Review: “Other People We Married” by Emma Straub

Over the past few years, writes and readers of short story have been told, time and again, that their craft is dying, a relic of a time before shrinking publishing houses and e-readers of various size, shape, color. In this way, when a new collection is on the horizon, Spidey-senses begin to go wild. In no instance was this more true than with Other People We Married, the debut collection from Emma Straub, who reminded readers from the first page: short stories can be the truest form of fiction writing, a perfect collection of words, carefully chosen, clean, and delivered with conviction.

The first book published by small press Five Chapters (whose editor, David Daley, is a magnet for wonderful short story writing; Straub’s story, “Puttanesca,” was originally published in FC’s digital pages), Other People We Married showcases twelve finely-tuned stories, some with linked characters, others standalone. Many—most notably Laura and Stephen from the aforementioned “Puttanesca”—are battling the collision of external and internal friction, but it is Straub’s use of genuineness and humor to cut the suffocating tension of these characters’ lives that really makes them stick to the reader’s bones. From young Greta in “Abraham’s Enchanted Forest” to Sophie in the novella-length “Fly-Over State” (originally published by FlatmanCrooked), Straub’s characters long for the search, the finding, the Wanderlust of daily existence.

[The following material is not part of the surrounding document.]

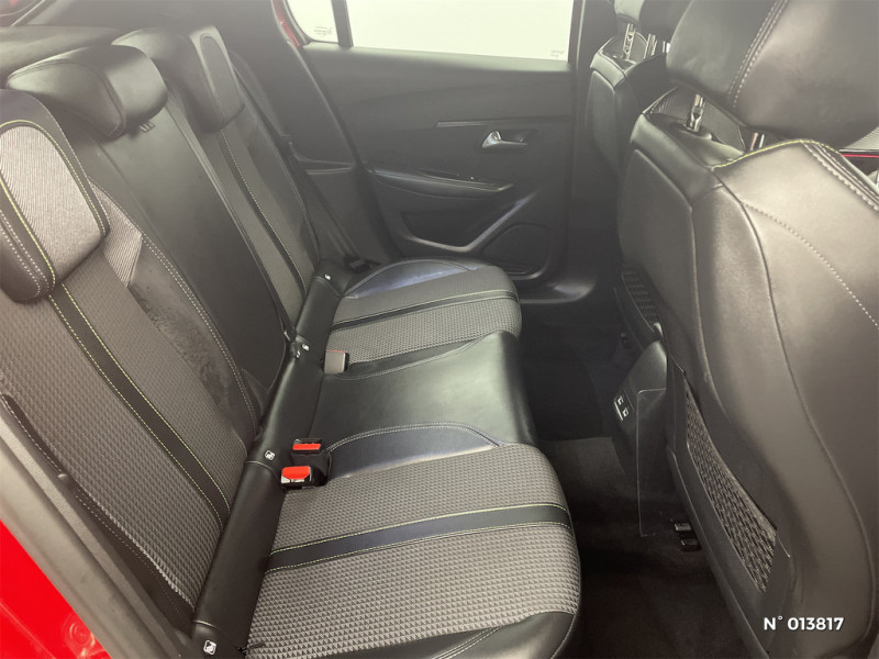 Vitres latérales AR et lunette AR surteintées / PEUGEOT Connect SOS & Assistance et Telemaintenance / Frein de stationnement électrique avec aide au démarrage en pente et serrage automatique / Siège passager AV à réglage manuel en hauteur / Ceintures de sécurité AV conducteur et passager à enrouleurs pyrotechniques avec limiteurs d'effort et détection de non bouclage / Ceinture de sécurité AR centrale 3 points, avec détection de non bouclage / Ceintures de sécurité AR latérales, avec enrouleurs pyrotechniques et limiteurs d'effort et détection de non bouclage / Programme de Stabilité Electronique (ESC) avec ASR, ABS, REF, AFU, CDS et TSM / Fixations suivant norme ISOFIX aux places latérales AR avec étiquettes de localisation, et Top Tether / Fixations suivant norme ISOFIX sur siège passager AV avec étiquettes de localisation / Canule d'échappement chromée (droite) / Jupes de pare-chocs AR inférieure et supérieure Noir brillant / Lécheurs de vitres latérales Noir Brillant / Passages de roue Noir brillant / Planche de bord slush surpiquée et panneaux de portes AV avec décors aspect carbone et éclairage polyambiant 8 couleurs / Surtapis AV et AR noirs avec surpiqures Vert Adamite / Volant compact cuir fleur avec laçage vert, Lion chromé et badge GT et commandes multimédia sur volant / Eclairage intérieur à LED : plafonniers tactiles AV (1 lampe et 2 liseuses) et AR (2 liseuses), pares-soleils, cave à pieds / Peugeot i-Cockpit 3D avec combiné tête haute numérique 3D / 4 poignées de maintien (2 à l'AV et 2 à l'AR) / Rétroviseur intérieur photosensible frameless / 6 haut-parleurs (2 tweeters et 2 woofers à l'AV et 2 larges bandes à l'AR) / Eclairage coffre à lampe / Bandeau entre feux AR noir brillant / Navigation 3D connectée avec reconnaissance vocale, écran tactile capacitif 10" HD / Sellerie Tri matière Tissu CAPY/TEP surpiqures Vert Adamite / Visio Park 1 Caméra de recul avec restitution sur l'écran tactile d'une vue AR et d'une vue de dessus de l'environnement AR du véhicule + Aide graphique et sonore au stationnement AR / Teinte métallisée Jaune Faro / Calandre haut de gamme avec grille supérieure avec marquage Dark Chrome et enjoliveur supérieur Noir Brillant / Filets aumônières au dos des sièges AV / 2 prises USB (Recharge type A) sur console basse pour passagers AR / Jantes alliage 17'' CAMDEN avec inserts Gris Storm mat / Fonction "Mirror Screen" (Apple CarPlay / Android Auto ) / Rétroviseurs extérieurs dégivrants avec réglage et rabattement électriques / Enjoliveurs de pied milieu brillant avec sérigraphies AV / Projecteurs "Peugeot Full LED Technology" avec feux diurnes et clignotants AV à LED / Démarrage mains libres avec 2 télécommandes 3 boutons / Projecteurs "Peugeot Full LED Technology" avec clignotants AV à LED / Projecteurs "Peugeot Full LED Technology" avec signature 3 griffes / Pédalier aluminium / Lève-vitres AV électriques et séquentiels avec antipincement / Pare-brise teinté acoustique / Seuils de portes "Peugeot" / Détection de sous-gonflage indirecte / Seuils de portes AV en Inox / Avertisseur de temps de conduite / Pack Safety Plus / Aide graphique et sonore au stationnement AR / Essuie-vitre AV à déclenchement automatique / Lève-vitres AR électriques et séquentiels avec antipincement / Aide graphique et sonore au stationnement AV / Fonction Mirror Screen / Habitacle et ciel de pavillon noir / Commutation automatique des feux de route / feux de croisement / Feux diurnes à LED sous projecteurs / Démarrage mains libres avec 2 télécommandes 3 boutons mains libres / Console haute avec accoudoir intégré / Vitres latérales AR et lunette AR chauffante temporisée teintées / Vitres latérales AR et lunette AR chauffante temporisée surteintées / Fonction DAB (Radio Numérique Terrestre) / Air conditionné automatique mono-zone

The strongest story in the collection, amongst pages of brilliant writing, is “Orient Point,” the shortest in Other People We Married, and one whose brevity is reminiscent of Raymond Carver or Tobias Wolff. In five poignant, precise pages, Straub conveys a life underwhelmed, a young mother confronting a reality where even her own husband and daughter, Eve, feel like something foreign. “But it wasn’t the two of us that didn’t fit, me and Eve,” the narrator says. “It was only me.” Her words pervade, like the chilling, refreshing waves off Long Island on an unforgiving August morning.

(Emma Straub’s writing has often been featured on fwriction.)